弁護士 中森俊久の部屋

2011年08月

原発と原爆 

2011/08/25 10:07:34

原発事故が一向に収束しない状況に、多くの人が辟易している状況だと思う。政府は、2011年4月22日、福島原発から20㎞の警戒区域の外側で、放射性物質の累積量が高い地域を計画的避難区域に指定し、それまでの同心円状の線引きを見直した。

 また、放射線影響研究所などで構成される「放射線影響研究機関協議会」の関係者は、5月11日、原発の周辺住民15万人を30年以上かけて調査する方針を明らかにしている。

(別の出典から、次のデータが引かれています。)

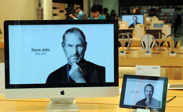 | ▲ 5일(현지시각) 미 캘리포니아주 쿠퍼티노 애플 본사에 스티브 잡스의 사진이 담겨 있는 아이패드가 꽃다발과 함께 놓여져 고인을 추모하고 있다. (쿠퍼티노(미 캘리포니아주)=AP/뉴시스) | ||
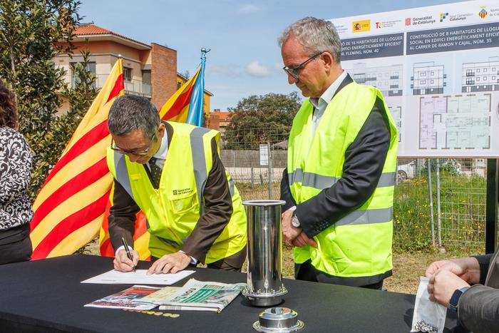 - El secretari general del Departament de Territori, Habitatge i Transició Ecològica ha participat avui en l’acte de col·locació de la primera pedra de 24 habitatges protegits de lloguer assequible a Cardedeu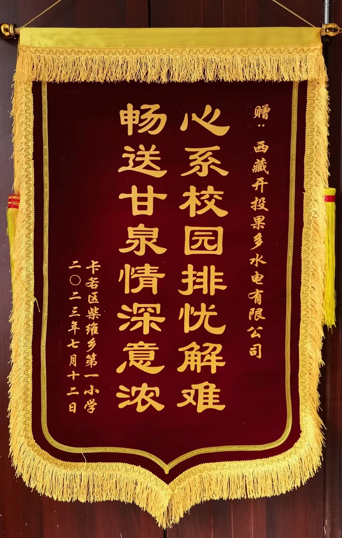 捐贈(zèng)現(xiàn)場(chǎng),果多水電公司董事長(zhǎng)、總經(jīng)理宋亞東與校長(zhǎng)李松林親切交流,了解孩子們學(xué)習(xí)、生活情況,鼓勵(lì)孩子們要好好學(xué)習(xí),保持樂觀向上的心態(tài),健康快樂成長(zhǎng)。作為受助方,李松林向果多水電公司贈(zèng)送“心系校園排憂解難 暢送甘泉情深意濃”錦旗以表謝意。他表示,愛心無價(jià),情誼永恒,全校師生將把這份關(guān)愛化作砥礪前行的動(dòng)力,努力提高柴維鄉(xiāng)教育教學(xué)質(zhì)量,培養(yǎng)出德、智、體、美、勞全面發(fā)展的新時(shí)代好少年。
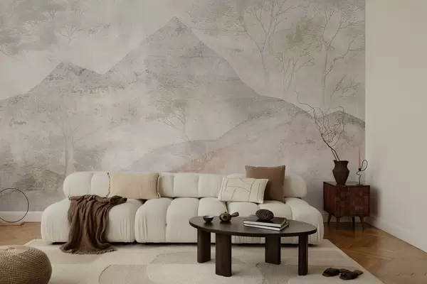 Тапете за зид Меке пастелне планине и дрвеће у лаганој магли бр. w04954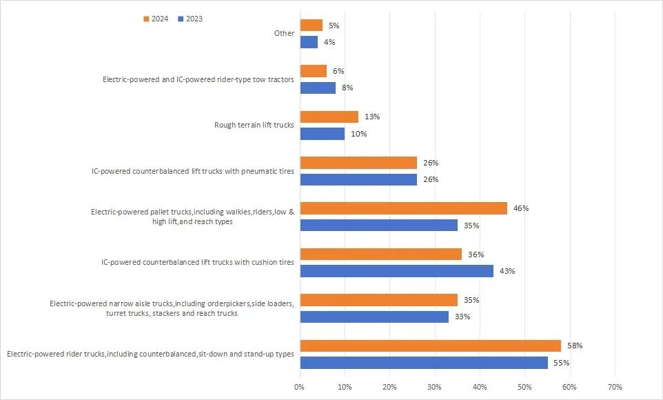 同时,随着传统叉车的应用面对多样化场景挑战,一股创新技术的浪潮正悄然兴起。其中,窄巷道托盘搬运机器人以其独特优势,正逐步成为解决这一难题的新锐力量。报告显示:35%的受访者正使用电动窄巷道叉车,对比往年数据有所提升,窄巷道搬运逐渐热门。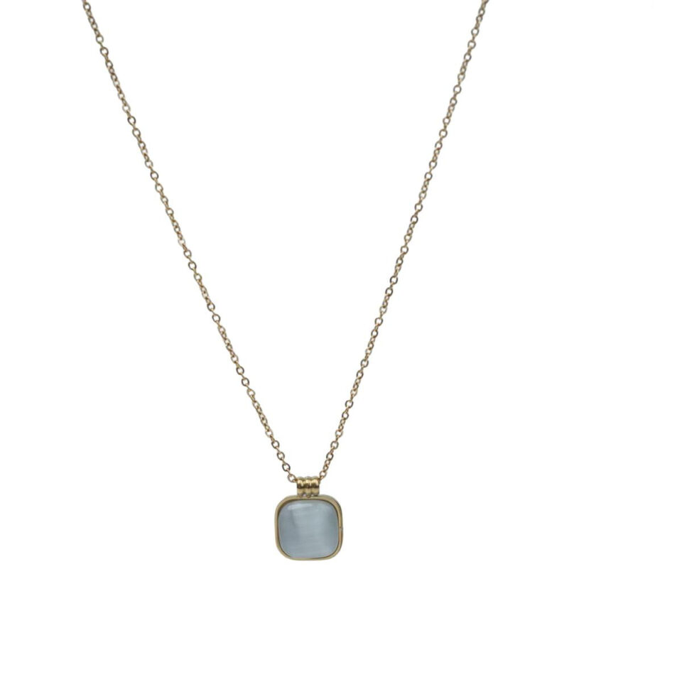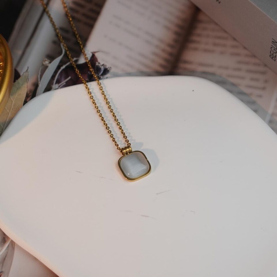 Minimalist Golden Chain Necklace with Square Cat’s Eye Stone Pendant, Elegant Daily Wear for Fashion Women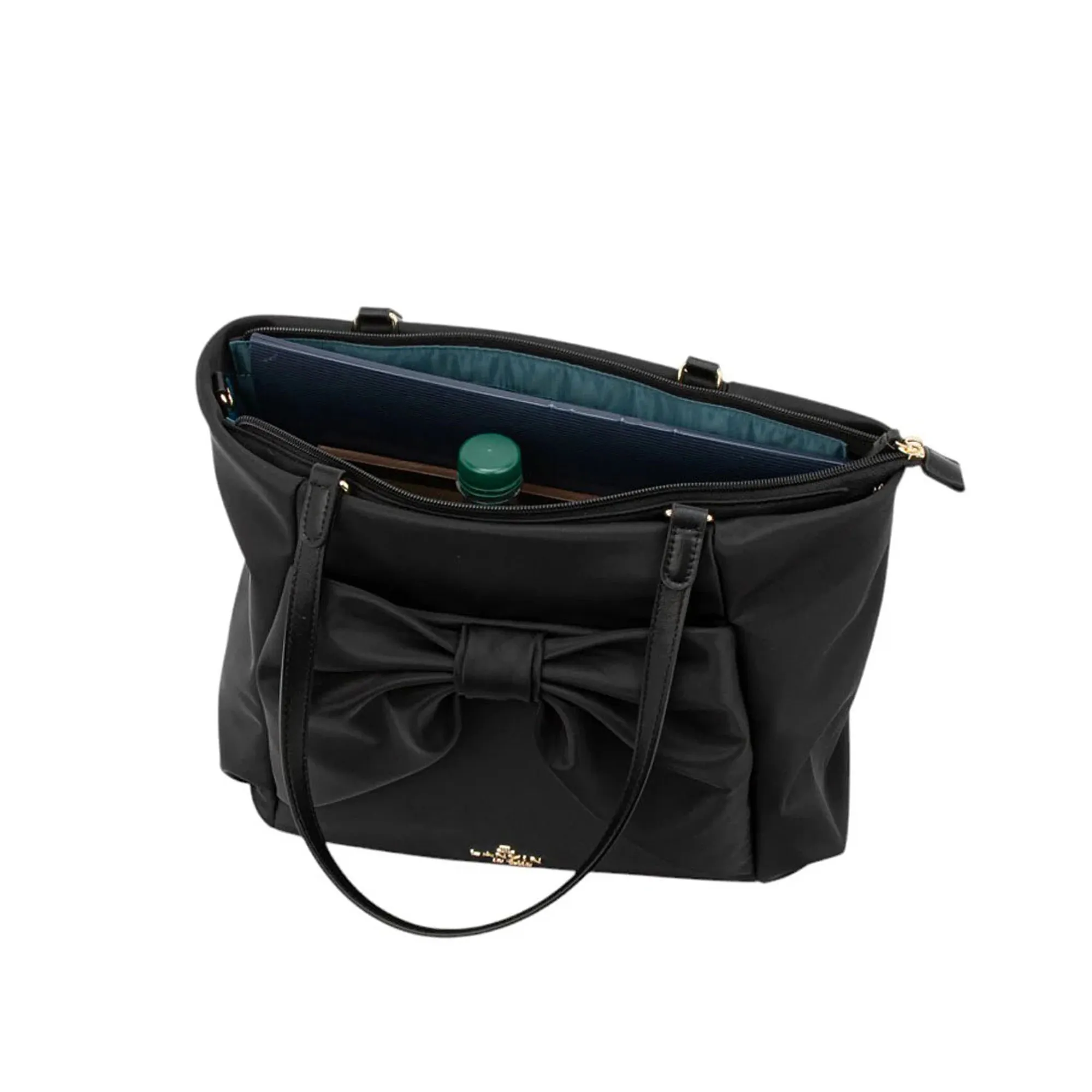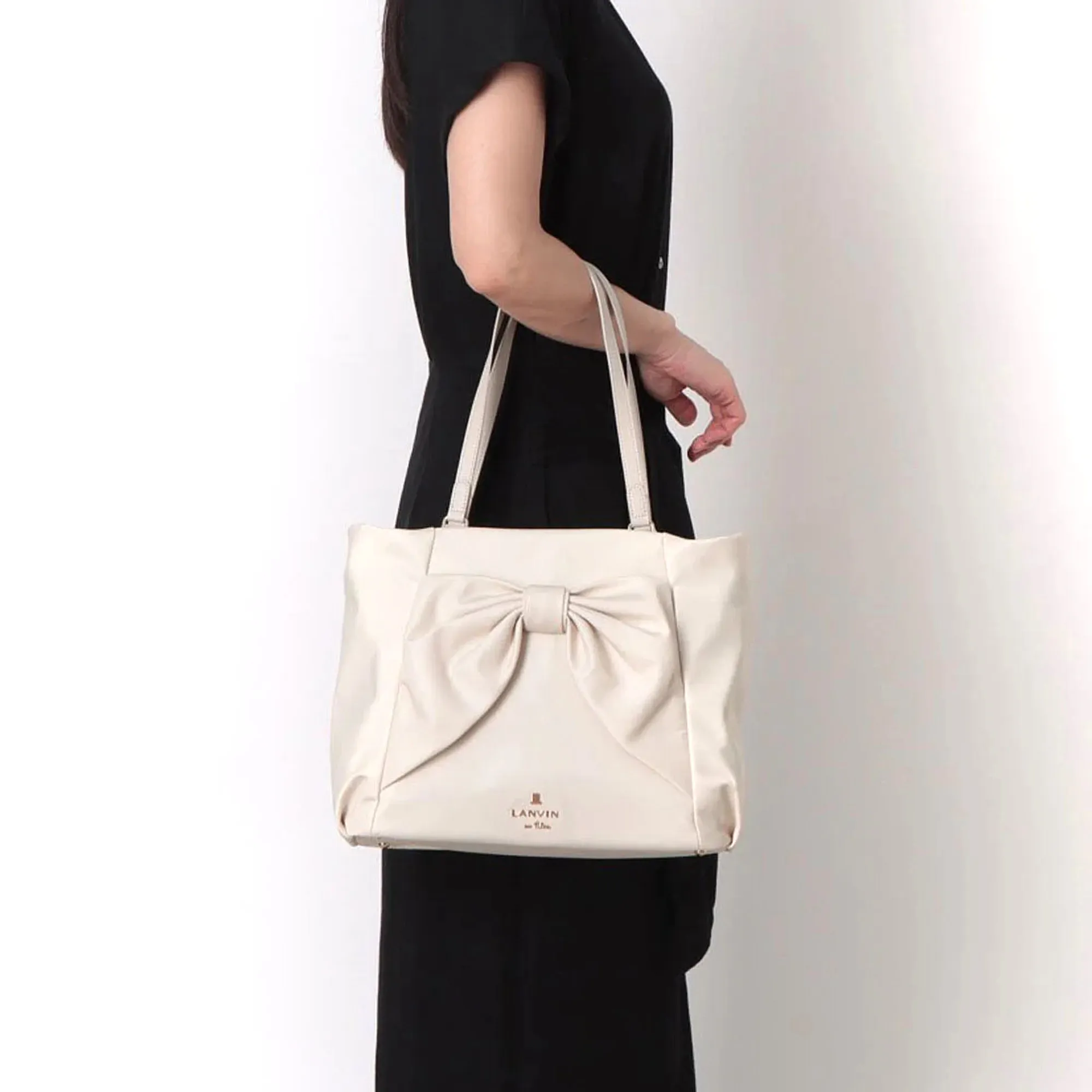 上品なリボン使いが印象的な「ジョエル」シリーズのトートバッグ。 生地の美しい光沢感を活かした立体的なリボンディテールが、クチュールライクな雰囲気を演出し、ランバン オン ブルーらしいエレガンスを感じさせます。 フロントに大胆にあしらったリボンがデザインの主役となり、シンプルなコーディネートに華やかさをプラス。 フレッシュなアイボリーカラーは肌なじみが良く、季節を問わず取り入れやすいのも魅力です。 A4サイズが収納可能な実用的なサイズ感で、通勤や通学はもちろん、きちんと感が求められるシーンにも対応。 デザイン性と収納力を兼ね備え、日常を上品に彩るトートバッグです。

 このように、今でこそ放射性降下物や内部被曝等の影響が注目されているが、私が弁護団に所属する原爆症認定集団訴訟では、国は従来、「計算方式上、爆心地から2㎞以遠にはほとん放射線が到達しなかった」と繰り返し主張し、内部被曝等の影響も殆ど無視できると居直ってきた。20㎞と2㎞…この単純な比較を見る限りにおいても、原爆放射線の影響が如何に過少評価され、それにより多くの被爆者の苦しみが蔑ろにされてきたことが窺える。

 未曾有の震災の被害が一刻も早く回復されることを願うとともに、高齢となった被爆者の声に改めて真摯に耳を傾ける必要性を感じる次第である。